A resting ECG from a 17 year old male. Patient is asymptomatic and has never experienced sustained palpitations, presyncope or syncope. What is the diagnosis?
(Click to zoom on image)
Answer: Sinus rhythm with manifest pre-excitation indicative of an antegrade conducting accessory pathway. Also known as “WPW pattern” – not syndrome.
A small proportion (approx. 1 in 1000) of people born with an extra electrical connection between the Atria & Ventricles known as an “Accessory Pathway” or “Bypass Tract”. This extra electrical connection allows for a re-entrant circuit to form between the AV node and Accessory pathway, sustaining an SVT circuit.

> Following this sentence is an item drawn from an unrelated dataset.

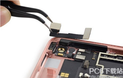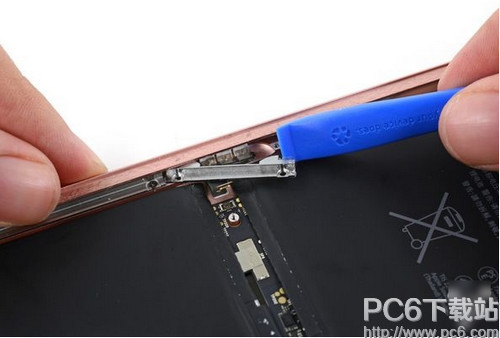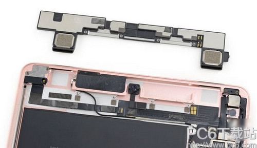 7、各种保护层和线路断连之后,我们先看看位于机身上部的扬声器系统。苹果不仅用胶水和螺丝钉把它固定得非常稳固。扬声器和逻辑板是通过弹簧触点连接的。

This accessory pathway can be targeted with ablation to “cure” SVT.
1. Short PR interval:
2. The Delta Wave
3. Abnormal repolarisation:
1. Many (and perhaps the majority of) accessory pathways do not conduct in an antegrade direction – they may participate in orthodromic AVRT, but do not display signs of pre-excitation on a resting ECG.
- They only way to know for sure if the patient has a retrograde-only conducting pathway is via an EP study.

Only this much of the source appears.